White Cube is pleased to present an exhibition of new work by Theaster Gates. ‘Tarry Skies and Psalms for Now’ includes new series of sculptures and paintings that incorporate the processes and materials of roofing. In these works, Gates explores the condition of labour through a physical engagement with materials, interrogating in turn notions of society, class and race.

In Gates’ new sculptures, flat, disintegrating sections of roof, collected from a derelict school near to his home and studio in the south side of Chicago, are cast in bronze. Patched-up and highly textured, these geometric ready-made forms are then covered with tar which is poured or brushed on. Following the same method as that of tarring a roof, the result is a highly reflective, unctuous black glaze that can partially cover the sculpture or completely obscure it. Formed by the vicissitudes of weather and wear, the roofs have a mineral-like encrusted presence lent new life through their transformation as sculptures. In this way, the works point to themes of home and community and the possibility of rehabilitation through the values of restoration and beauty. At the edge of each sculpture, small square supports – casts of the gating system used during the sculpting process – are deliberately left intact, reflecting an intrinsic, fluid connection between material, process and artwork that is direct and honest. This trace of labour or making is important for Gates since the activity of roofing is both personally and politically significant: he learnt the skills from his father, a builder and roofer by trade, who used the profession as a form of activism.

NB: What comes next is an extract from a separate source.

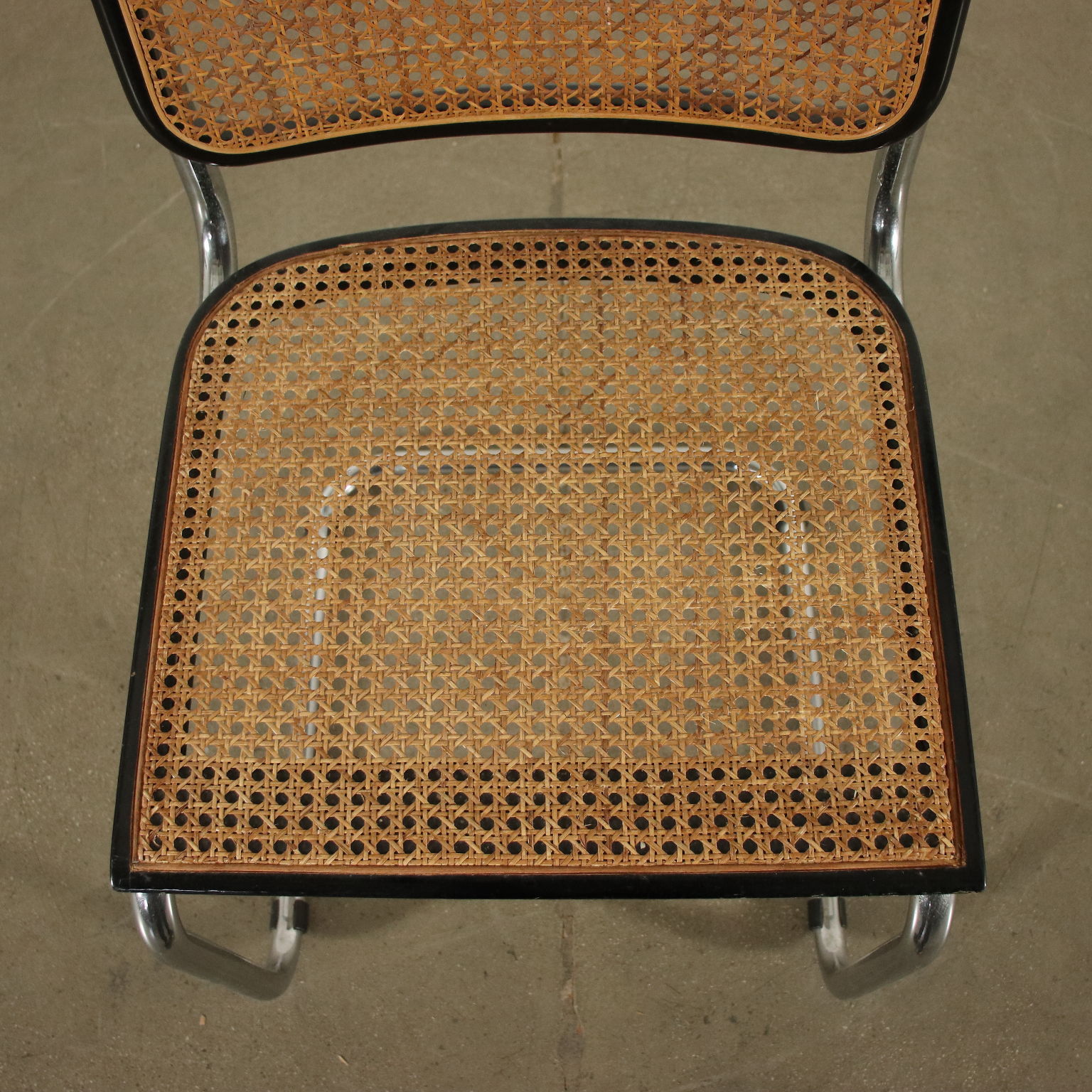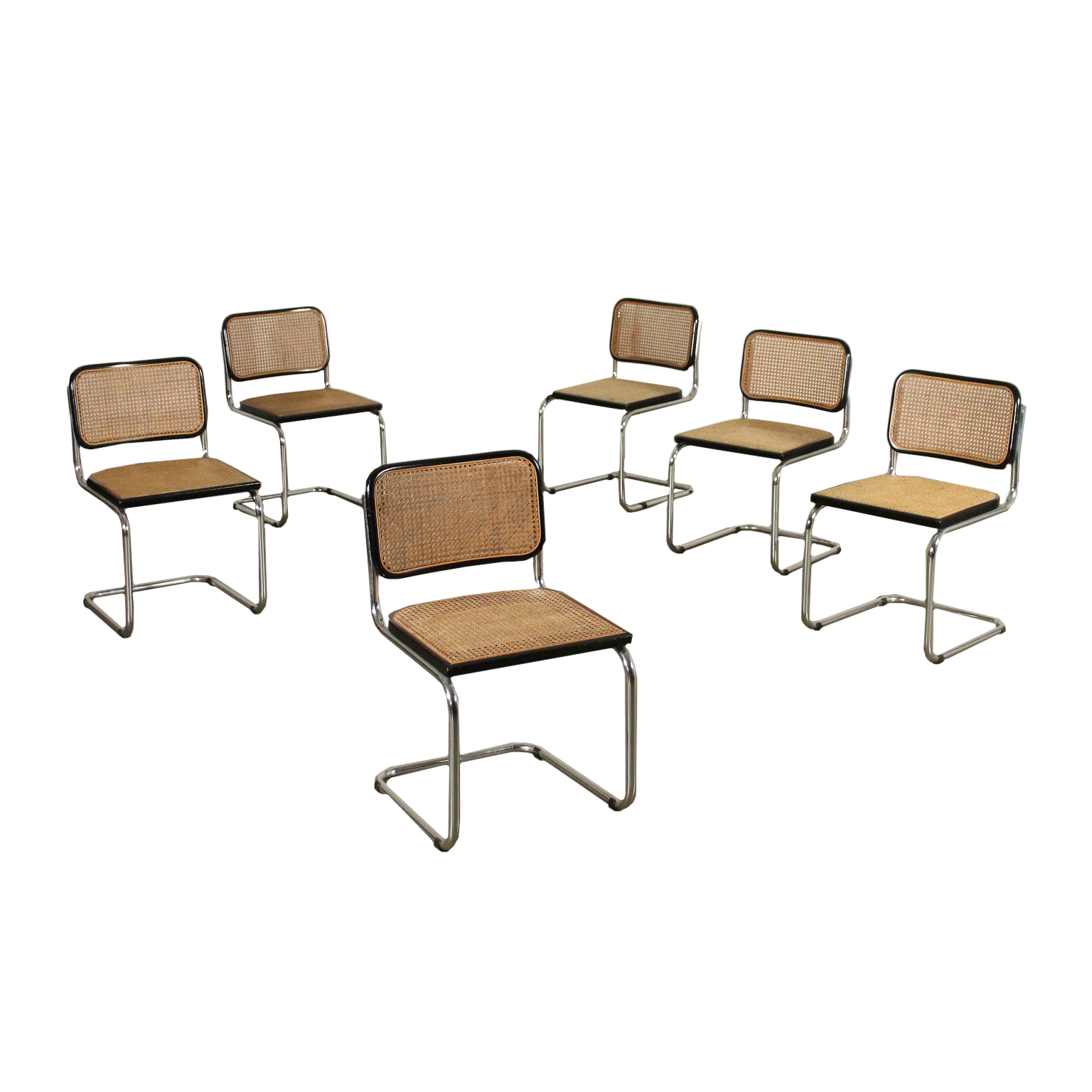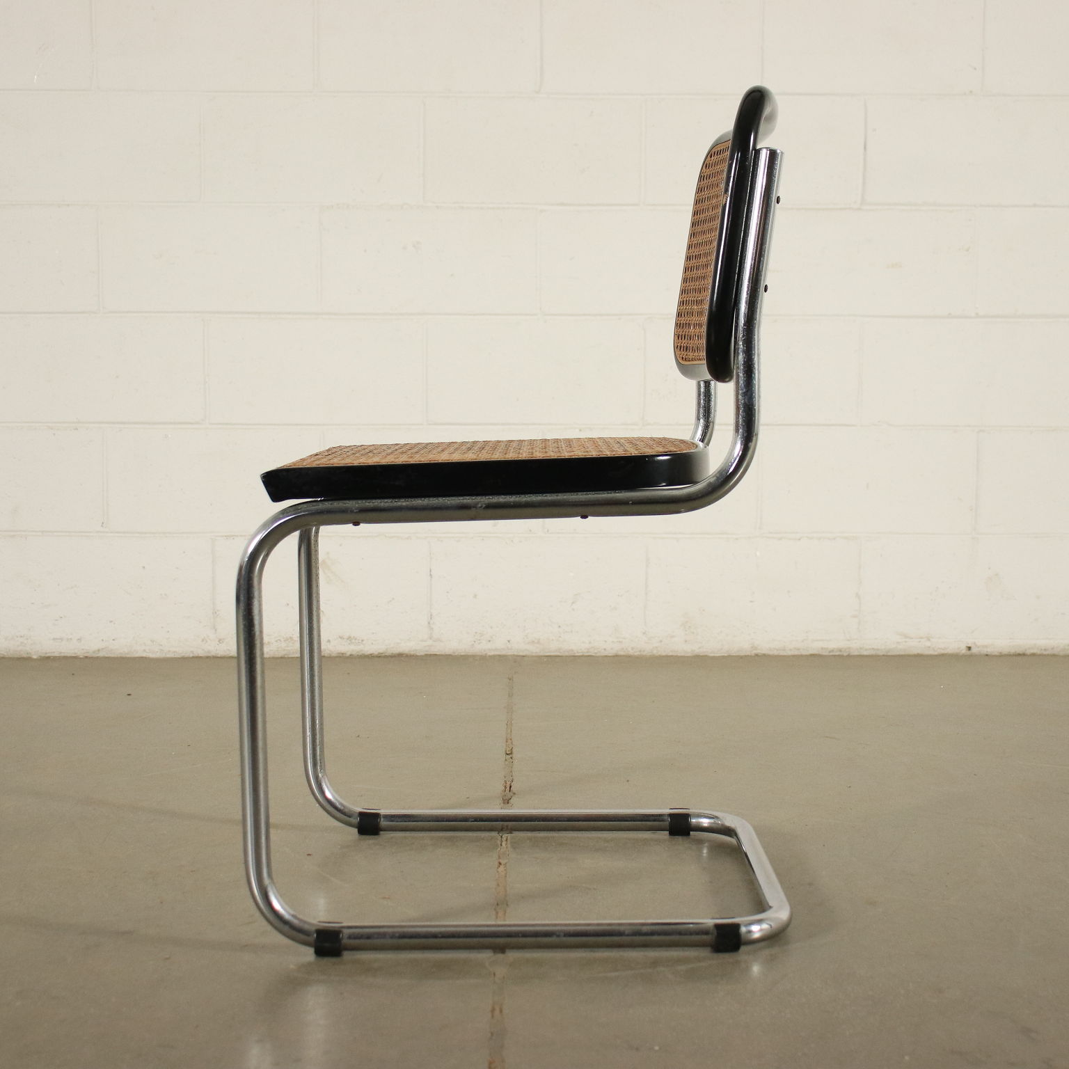 Gruppo di 6 sedie nello stile di Marcel Breuer. Tubolare in metallo cromato, telaio in legno e paglia di Vienna.

Roofing techniques are also adopted in the new series of paintings, which combine tar with coloured plastic sheeting, known as Naugahyde, to create compositions that make a reference to Modernist abstraction. ‘I’m reading about abstraction,’ Gates has said. ‘And now I have these things that are absolutely familiar and absolutely black in my life. My question was, could what my dad taught me trump established artistic practices?’ Unlike his previous series of tar paintings which were solely monochromatic, in these new works the inclusion of a material not associated with roofing distances the work from an indexical link to their subject matter.

In revising his approach to their making, by both incorporating new materials and allowing for a greater freedom of production, Gates has opened up new dialogues, evident in the visual and formal links to work by painters such as Mark Rothko, Josef Albers or Ellsworth Kelly. Bold compositions are created in the work through coloured fields of sheeting, adhered to the canvas in overlapping layers and combined with viscous tar, brushed or poured on to the canvas surface. In Study for halves and halves (2017), for example, arcs of yellow sheeting appear like a succession of rising suns while in another work, strips of turquoise sheeting are covered with applications of tar to create a dynamic pattern of repeat stripes. Gates works the tar with speed, since it demands a quick response before it cools and solidifies at which point bubbles, bumps and small indentations appear on its skin. This gives a sense tactility, either through the visible, visceral brushstrokes which emphasise the trace of the artist’s hand or, if poured, a feeling of arrested motion, of a halted, dripping viscosity. The process itself of making the paintings reflects not only the effort of the labour but above all what Gates has identified as, ‘an index of an archive of time in my body.’